* _PROBLEM_
Although the data holds pictures, return only the lines from the one containing "AIの活用によって労働時間が" to the end, exactly, and without them.

* _INFORMATION PROVIDED_
%%
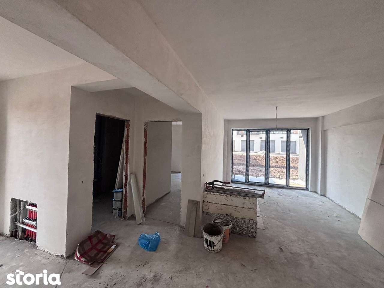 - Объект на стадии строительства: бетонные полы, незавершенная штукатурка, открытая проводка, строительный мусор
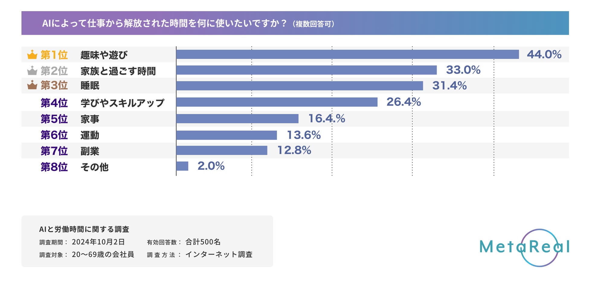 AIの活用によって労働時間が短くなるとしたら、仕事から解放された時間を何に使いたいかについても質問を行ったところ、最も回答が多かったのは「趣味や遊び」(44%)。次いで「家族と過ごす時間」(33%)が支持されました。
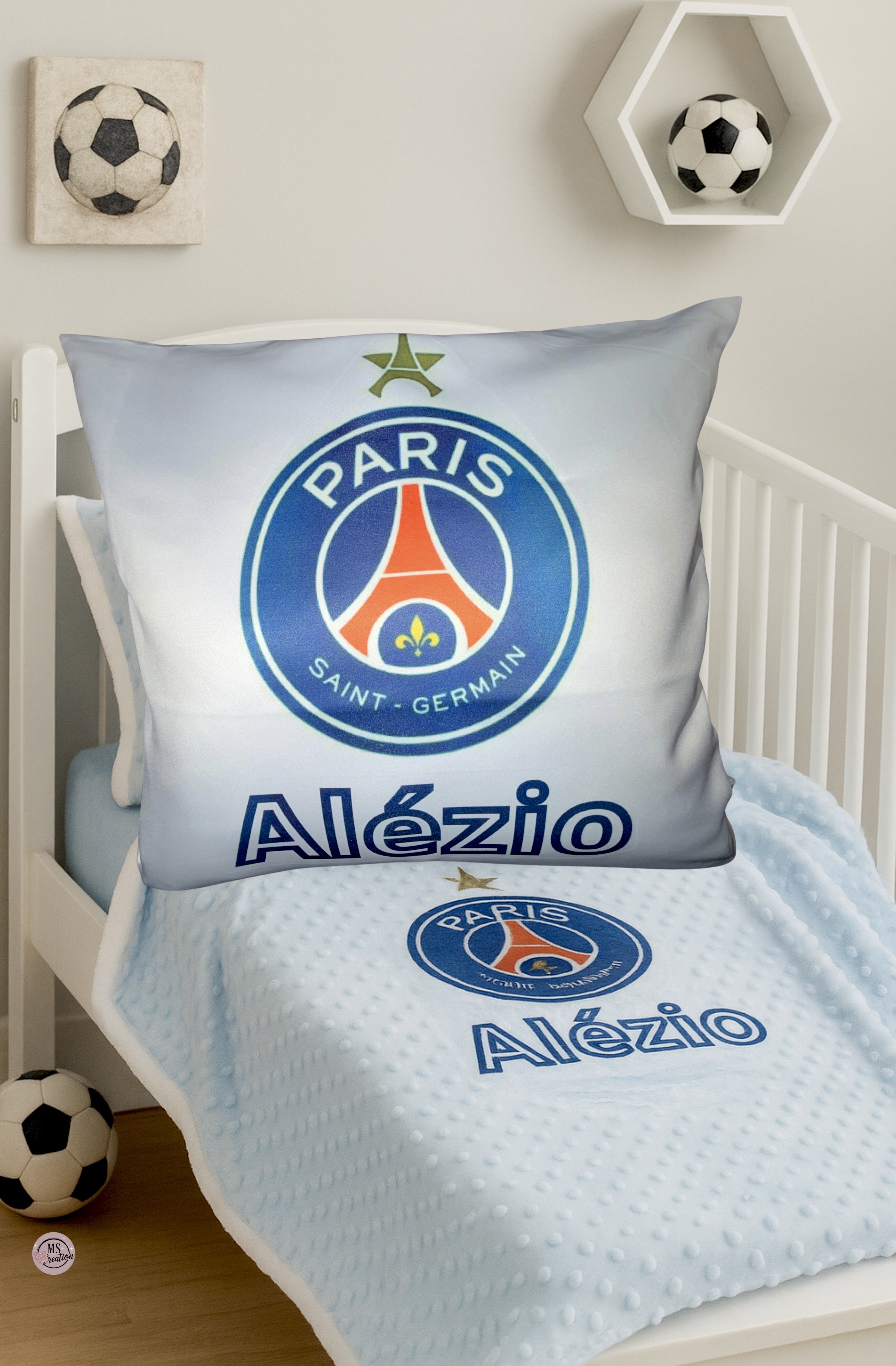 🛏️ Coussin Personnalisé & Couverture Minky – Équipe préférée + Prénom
%%
* _TASK ANSWER_
 AIの活用によって労働時間が短くなるとしたら、仕事から解放された時間を何に使いたいかについても質問を行ったところ、最も回答が多かったのは「趣味や遊び」(44%)。次いで「家族と過ごす時間」(33%)が支持されました。
 🛏️ Coussin Personnalisé & Couverture Minky – Équipe préférée + Prénom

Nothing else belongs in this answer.